1 Will MOA to be amended for take over. 2. What would be best option takeover of all the asset & liabilities of unit and merging of unit balance sheet ( Not Proprietor Balance sheet ) or simply buying the assets at book value and pay the purchase consideration from this consideration unit will discharge their old liability. 3. When all registration with authorities including any licenses to unit for production shall be automatically transferred to the company and no fresh registration is required. Either in Purchase of Asset only or take over of all assets and liabilities. 4. What will be capital gain situation in both cases. 5. How share can be allotted in both cases.

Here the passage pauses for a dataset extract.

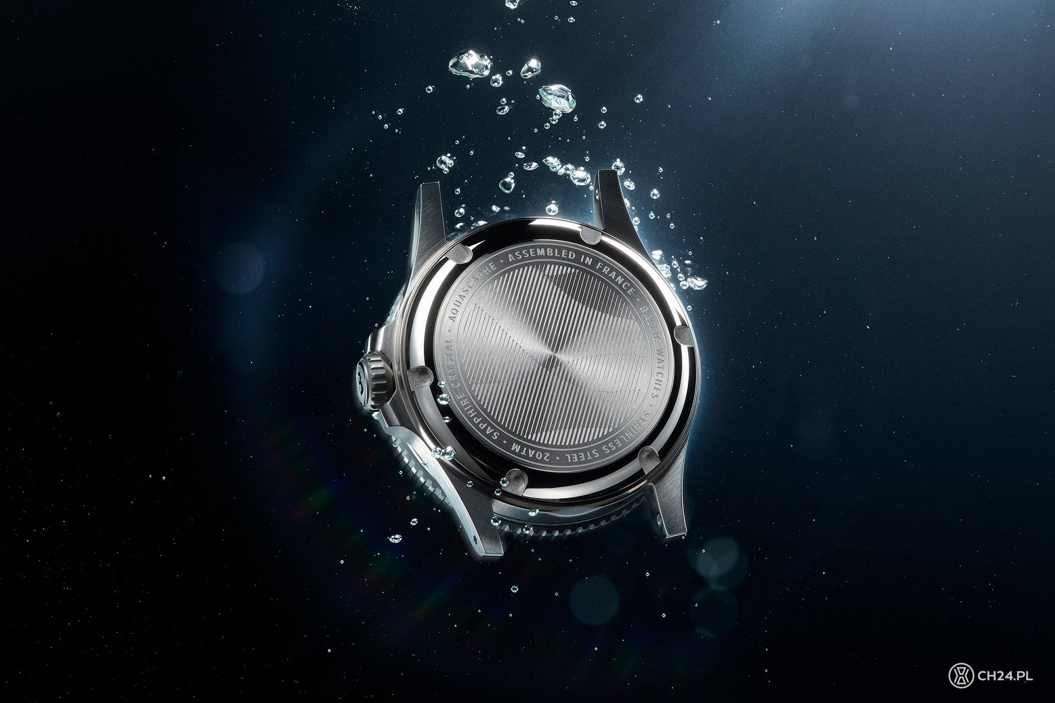 Choć wizualnie nowy Aquascaphe przypomina model zaprezentowany jeszcze w 2018 roku, przeszedł cały szereg istotnych zmian, dotyczących praktycznie każdego elementu. Stalowa koperta ma poprawione proporcje i wykończenie, na czele z pionowym satynowaniem uszu – dalej nawierconych pod teleskopy, jak w zegarkach vintage. Po prawej stronie zamocowana jest sygnowana koronka, osłonięta parą ochronnych wypustek. Od spodu natomiast obudowę zamyka pełny dekiel, udekorowany w środku motywem fal.

IF the company has been incorporated without giving specific object in the MOA but originally the company incorporated to takeover the existing business then is there any remedy available to transfer certain assets & liablities of the proprietorship?
Further the Sales Tax Registration got amended with the new details in the name of company from proprietorship with the same number.
If we are taking at slump sale with Book Value so that no capital gain will arise. The major concern is whether any stamp duty is payable as Agreement would be on Stamp Paper if the Net Assets & Liabilities are equal with Proprietor as Sundry Creditors for the asset & we wish to allot the shares to him otherwise than cash.
Form-2 of ROC specifically asks for attachment: Copy of any contract or agreement, if any for allotment of shares for consideration otherwise than cash.
We shall be paying the Stamp Duty at the time of increase in the authorized capital of the company to issue further shares to the proprietor, where Stamp Duty has to be paid. But
1.How much stamp duty payable at the time of agreement of sale of assets & liabilities excluding immovable assets? 2. Is special resolution is required to be registered with ROC?